🤖 AI Summary
Existing reward models struggle to capture character consistency and fine-grained stylistic preferences in subjective, open-domain tasks such as role-playing, leading to substantial misalignment with human judgments. To address this, we introduce RoleRMBench—the first systematic, role-playing–oriented benchmark for reward modeling—and propose RoleRM, a novel reward model grounded in Continuous Implicit Preference (CIP). RoleRM converts discrete, subjective human evaluations into continuous, multi-strategy-consistent pairwise supervision, integrating structured annotations across three dimensions: character consistency, narrative coherence, and stylistic fidelity. Experiments demonstrate that RoleRM achieves an average improvement of over 24% over leading open-source and proprietary reward models on RoleRMBench. Moreover, human–model preference alignment is significantly enhanced, markedly narrowing the gap between model outputs and human evaluations.
📝 Abstract
Reward modeling has become a cornerstone of aligning large language models (LLMs) with human preferences. Yet, when extended to subjective and open-ended domains such as role play, existing reward models exhibit severe degradation, struggling to capture nuanced and persona-grounded human judgments. To address this gap, we introduce RoleRMBench, the first systematic benchmark for reward modeling in role-playing dialogue, covering seven fine-grained capabilities from narrative management to role consistency and engagement.
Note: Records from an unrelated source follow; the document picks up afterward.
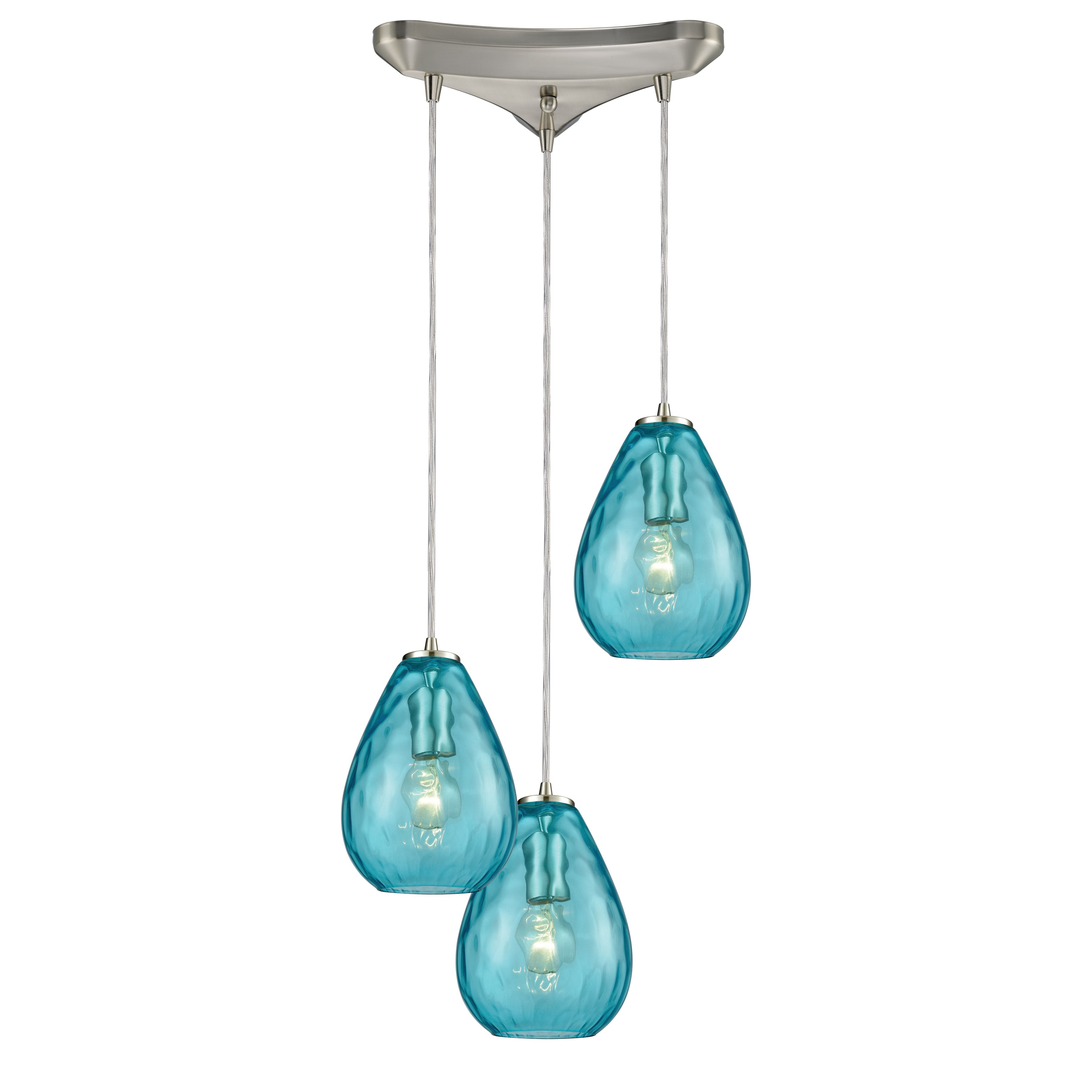 Lagoon 10'' Wide 3-Light Pendant - Satin Nickel with Aqua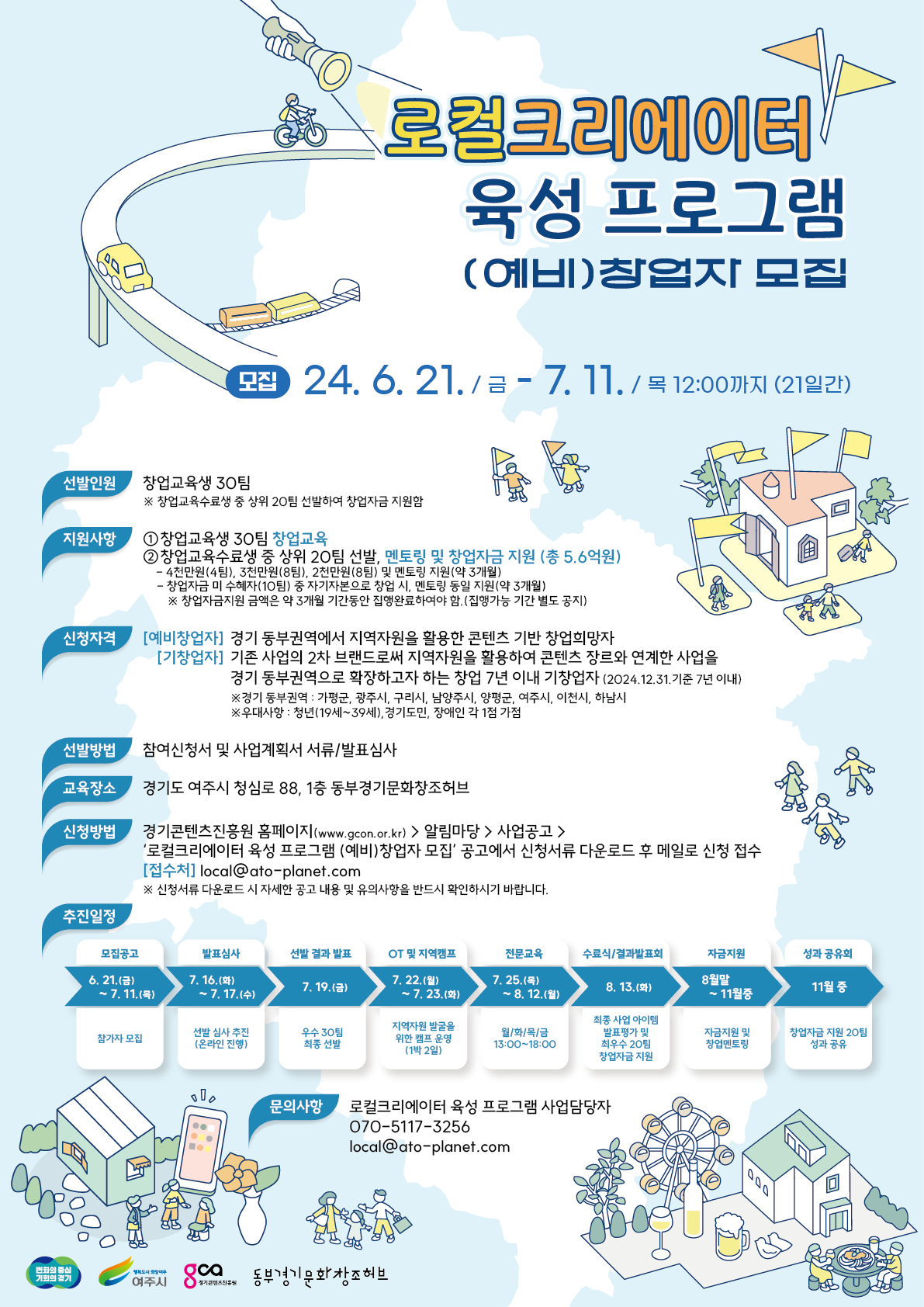 ‣ 상단 제출서류 항목을 1개의 파일로 압축하여 업로드 ※ 파일명 : 지원기관명(또는 프로젝트명).zip ‣ 인감이 필요한 서류에는 반드시 인감 날인 후 스캔하여 제출 8. 기타사항 가. 가점 증빙자료를 제출하지 않으면 가점 반영 불가 나. 동점자 발생 시 심사 배점이 높은 항목으로 순위 부여 다. 공고 및 사업안내서에 별도로 정하지 아니한 사항에 대하여는 사전 문의 9. 유의사항 가. 지역자원을 활용하지 않는 단순 식당이나 카페, 관광 관련 창업은 지원하지 않음. 나. 창업자금지원 수혜자로 선발된 인원은 반드시 자금지원협약 체결시 까지(8월말 예정) 신규 사업자등록 또는 지점 사업자등록 완료해야하며, 자금교부이후 11월중순까지 지원자금 일체에 대한 집행을 완료하여야 함.(미집행금액 또는 불인정금액은 환수조치함) 다. 경기콘텐츠진흥원 중복지원기업제한 운영 관리 지침(중복수혜자 지원 배제) ○ 적용대상 : 기업지원사업 중 현금 지원 제작지원사업 ○ 제한내용 - 당해연도 기준 기업별 지원과제수는 최대 2개로 제한함. 단, 2,500만원 이하의 과제는 과제수에서 제외함 - 당해연도 포함 최근 3년간(당해연도 지원금액 포함) 기업별 지원과제금액의 합계는 6억 이하로 제한함. 단 타 기관사업은 제외함. 라. 기타 지원 배제 및 지원금 환수 - 동일과제로 경기콘텐츠진흥원 사업 및 타 기관사업의 수혜자는 지원 배제함. - 이미 완료된 프로젝트를 지원신청한 경우 지원 배제함. - 정부 및 유관기관으로부터 참여제한 조치를 받고 있는 사업자의 경우 지원 배제함. - 지원 배제사유에 해당하거나 지원과제(프로젝트) 내용 등에 대하여 허위로 작성하여 발각된 경우 지원을 즉시 중단하며, 지원금이 지급되었을 경우 지원금은 전액 환수함. - 자금지원협약 이후 협약 해지 요건이 발생할 경우 지원금은 전액 환수함. 마. 모집공고 내용을 인지하지 못하여 지원 배제 사유가 발생할 경우, 귀책사유는 당사자에게 있음. 10. 문의처 가. ‘로컬크리에이터 육성 프로그램’ 사업담당자 - 전화 : 070-5117-3256 - Email : local@ato-planet.com 나. 문의시간 : 평일 09:00~18:00 위와 같이 공고합니다. 2024. 6. 21.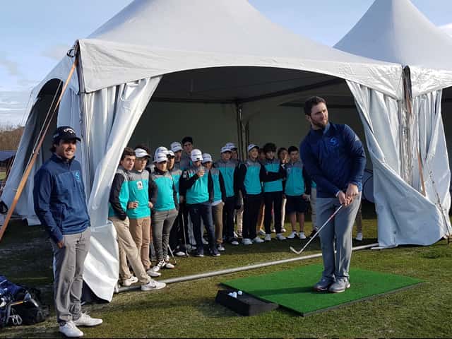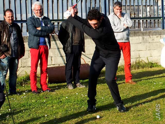 Su amigo Mikel Galdós aportaba además los comentarios técnicos precisos, como profesional y profesor de golf que es en el Club de Golf Larrabea, en Álava, lo que completaba magistralmente cada uno de los golpes de Jon. Para rematar el clínic, el invitado especial deleitó a los presentes con golpes de fantasía como algún que otro difícil globo con un hierro 4, emulando al legendario Seve Ballesteros.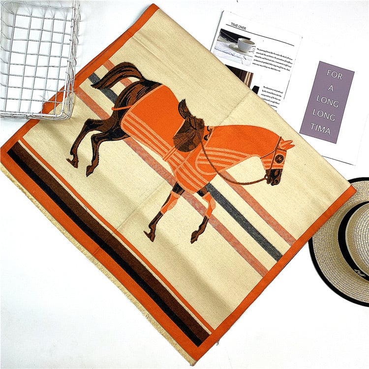 ストール 馬 ネイビー ブランケット 大判 膝掛け 上品 韓国 カシミアタッチ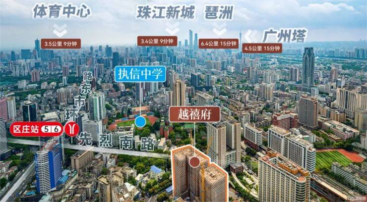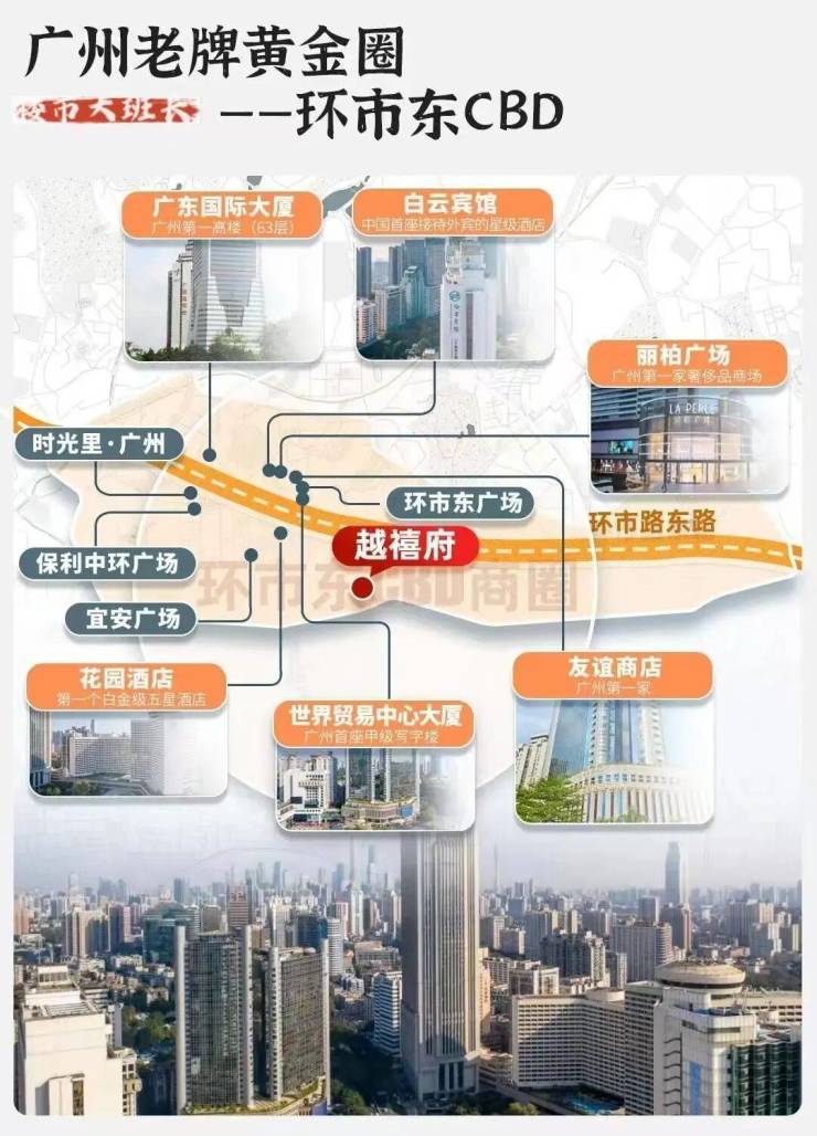 越禧府地处越秀区环市东板块,环市东是广州第一CBD,资源环绕,累积了大批“老钱”;往东是最为耀眼的珠江新城CBD,“新钱”云集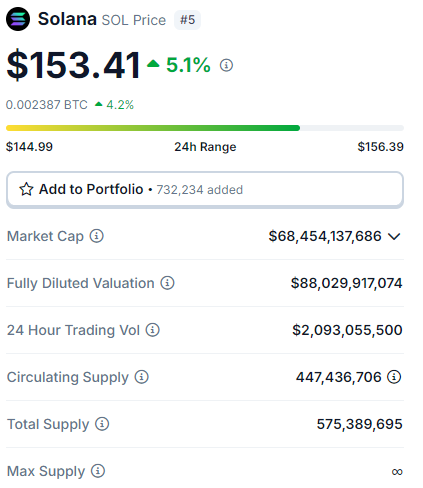 Com uma alta de mais de 5%, a Solana tem o melhor desempenho entre as 10 maiores criptomoedas em valor de mercado hoje. A nível de comparação, o movimento atual é 10x maior do que o realizado pelo BTC atualmente.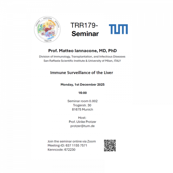 We are delighted to welcome Matteo Iannacone for a seminar here in Munich about "Immune Surveillance of the Liver“.

Evaluation on RoleRMBench reveals large and consistent gaps between general-purpose reward models and human judgment, particularly in narrative and stylistic dimensions. We further propose RoleRM, a reward model trained with Continuous Implicit Preferences (CIP), which reformulates subjective evaluation as continuous consistent pairwise supervision under multiple structuring strategies. Comprehensive experiments show that RoleRM surpasses strong open- and closed-source reward models by over 24% on average, demonstrating substantial gains in narrative coherence and stylistic fidelity. Our findings highlight the importance of continuous preference representation and annotation consistency, establishing a foundation for subjective alignment in human-centered dialogue systems.